Back at the dawn of the 19th century, Robert Malthus first recognized the explosive potential of population growth, and studied the phenomenon. He recognized that the population of a species rises to fill the available space and food supply, and recognized that increases in both would lead to sharp increases in population. He was aware of the boom-bust cycle seen in many animal species of good food supply, explosive population growth, and a large die off when the food supply diminished and the number of available predators increased to take advantage of -their- increased food supply. He also correctly noted that different factors would apply to human population growth because of our greatly enhanced productivity from our “civilization,” and a general lack of predators. He assumed different checks on our numbers would come into play, including “misery, vice, and poverty.”
Malthus makes for grim reading, and there’s nothing in this essay to suggest he was wrong, damn his eyes. Indeed, in college we all wore black and told the pretty girls that overpopulation, the Malthusian catastrophe, meant we were all doomed, so we might as well have sex before the gotterdammerüng. That, in itself, speaks volumes about the psychology of the human condition, even if Malthus and other intellectual pretensions didn’t prove the master key to unlock every chastity belt on campus.
But Malthus missed one element that results in human population control, and for this he can hardly be blamed, because the element simply did not exist, not in any human society and most certainly not in nature.
That element could be described as “food security.” It’s simply this: a culture in which individuals are secure in the belief that they will have adequate food and shelter all of their lives simply doesn’t reproduce very much. A family that has adequate income for food, housing, and clothing, and knows that no matter what happens to their job and after they retire those basics will still be there, rarely has more than two children. They don’t NEED to have a dozen children because half will die before they are five and the rest will hopefully live to take care of mom and dad when they are unable to work at the age of 50.
Societies in which all the people are well fed, well clothed, and well housed simply didn’t exist in Malthus’ day, and indeed, didn’t come into being until after World War II.

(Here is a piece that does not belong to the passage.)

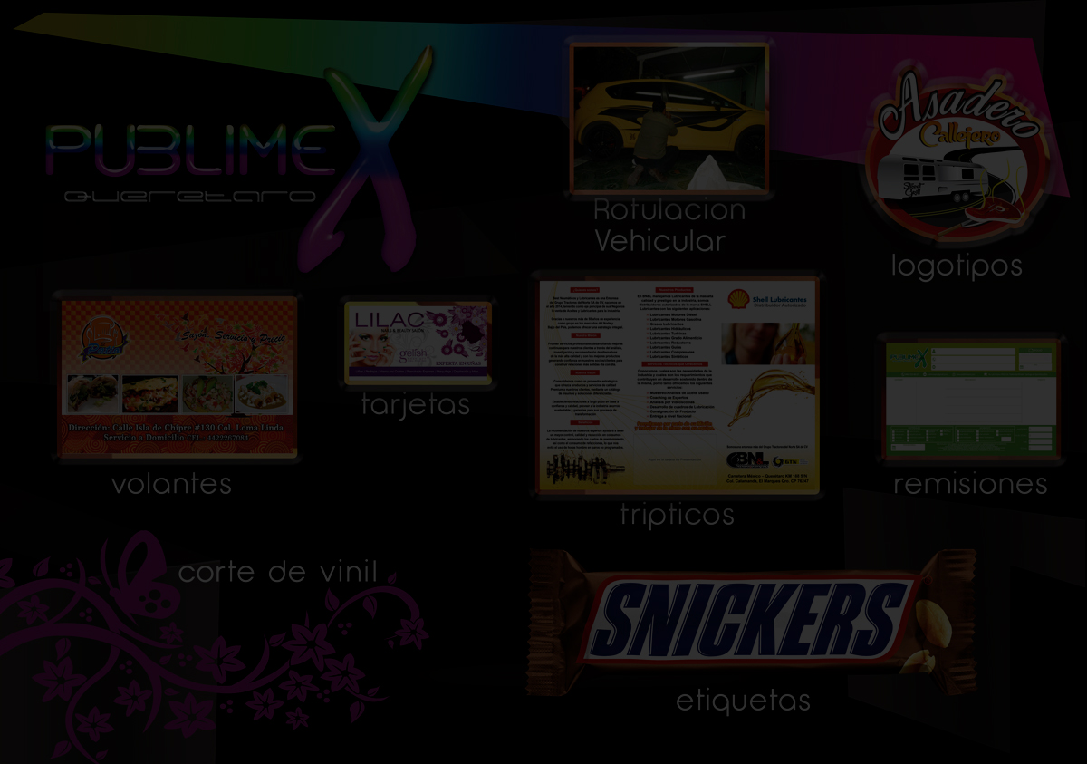 Publimex Queretaro, es una empresa que se dedica a la impresion de medios, lonas viniles, papeleria como volantes, tarjetas tabloides y otros sustratos, corte de vinil e instalaciones de los mismos. Tambien se fabrican letreros a la medida cajas de luz, bastidores, cortinas enrollables caballetes, letras 3d, una  por una o en cajon la luz que se ocupa por default es led, pero se puede ocupar tubo de luz segun sea el caso.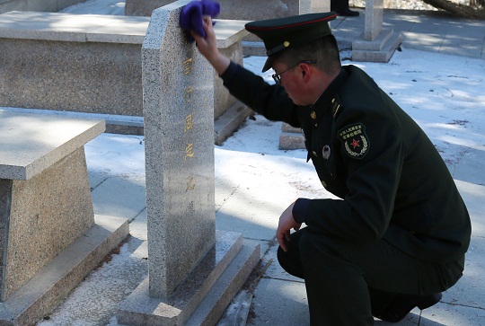 圖為烏魯木齊軍事檢察院檢察官認真擦拭墓碑塵土。彭建 攝

It shows in the birthrates by nation. Australia and Canada, for example, have vast tracts of land available for population growth, even if you exclude the Outback and the North, respectively. They have food supplies that comfortably exceed the needs of the population, According to Malthus, they should have the highest birthrates in the world. (The world birthrate is about 20.18 births per 1,000 women). Australia has a birthrate of 12.55, which ranks it 145th among the world’s nations. Canada’s is 10.29, 165th, and the Canadian government encourages immigration. The entire European Union averages 10.25, and that’s despite the earnest effort of the Catholic church to encourage fecundity. Japan is the lowest among nations, at 7.87, and Hong Kong, a part of the posterboy for runaway population, China, has a birthrate of 7.37.

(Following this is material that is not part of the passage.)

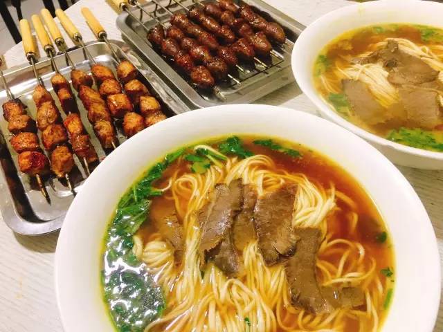 三四串肉串配上一碗拉面,这一餐吃得饱饱的。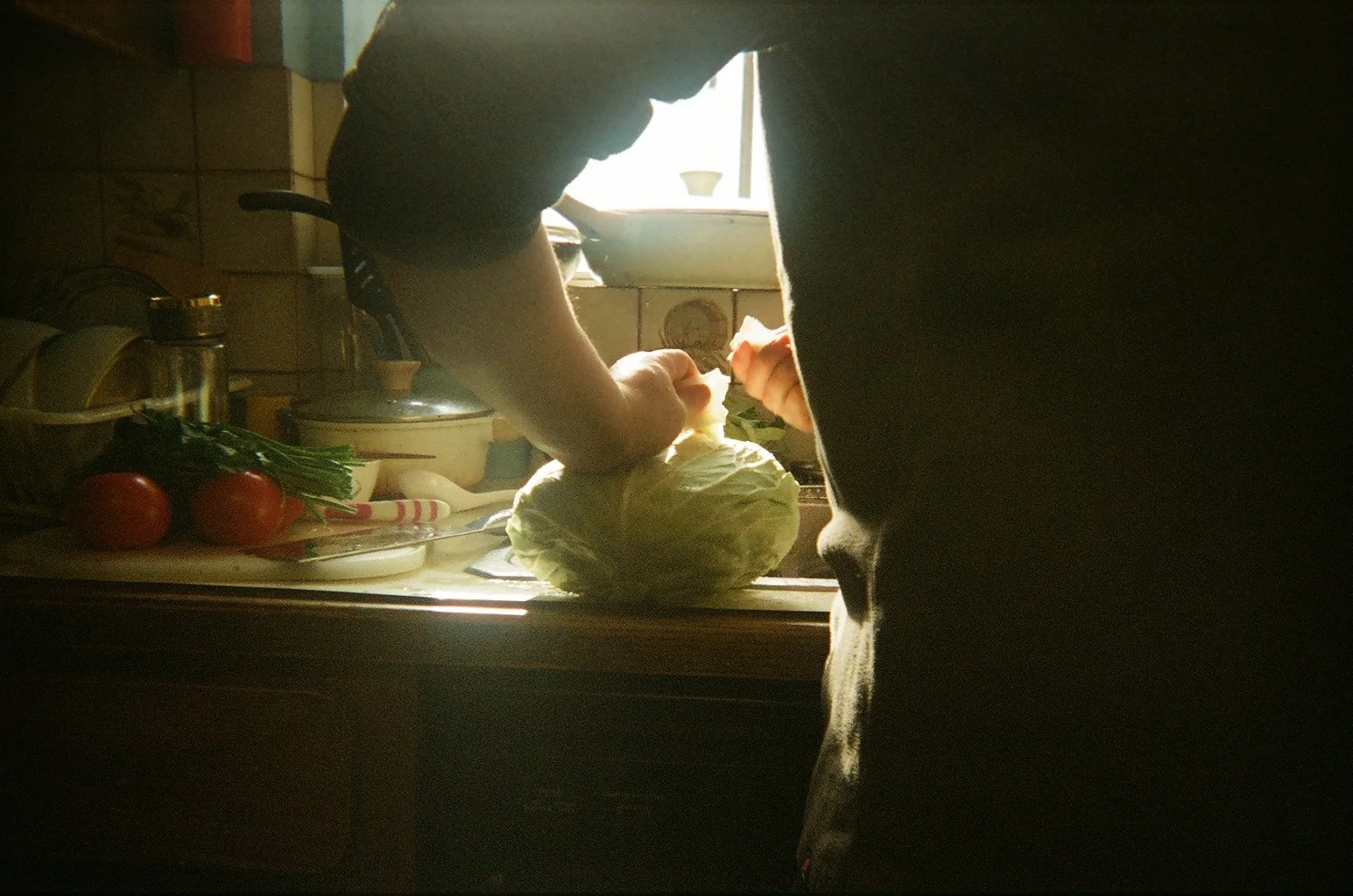 After dinner, he clears the table and washes the dishes. Then, he sits by the sink again, smoking and looking at his phone. It seems like he isolates himself from the family, yet he cooks for us every day.

These areas all have one thing in common: a population that is well fed and secure, and not living hand to mouth or in fear of starvation when they become too old to work. In the United States, where there is food anxiety and apprehension about day-to-day living, we have a birthrate that is 14.18, which reflects not the overall national wealth, but the vast inequity with which that wealth is distributed.

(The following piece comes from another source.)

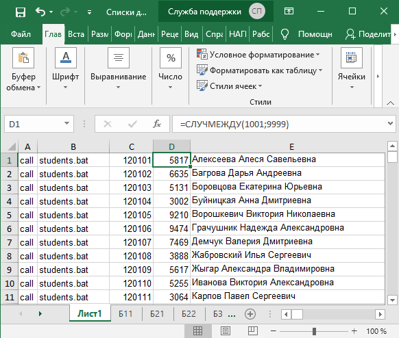 Рисунок 3.1 – Возможный вариант электронной таблицы для подготовки файла students.bat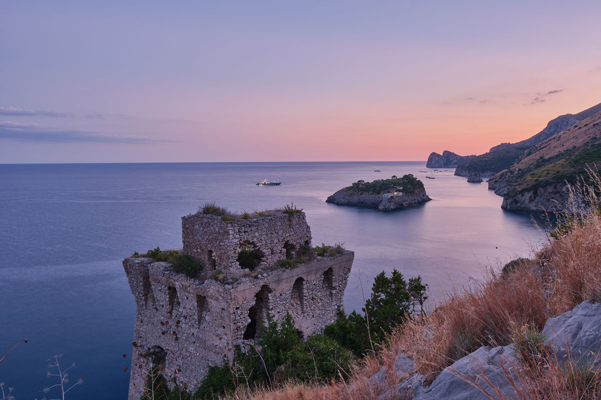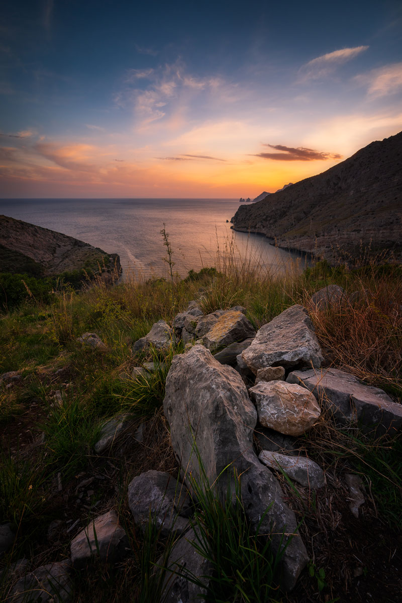 Il tramonto sulla Baia di Ieranto a Massa Lubrense, con i Faraglioni di Capri sullo sfondo è la foto di Simone Mastellone selezionata a rappresentare settembre nel calendario #aboutsorrento2023.

But the factor Malthus missed, the one that is even kinder – if slower to take effect – than Farmer’s sterilization of the race – is that of life security.
It certainly beats depending on “misery, vice, and poverty” to contain our numbers, and is far better than waiting numbly for an even greater Malthusian catastrophe, such as nuclear war or a vast plague.
Want to control human population without making people suffer?
Feed the world. And make sure the food supply is constant.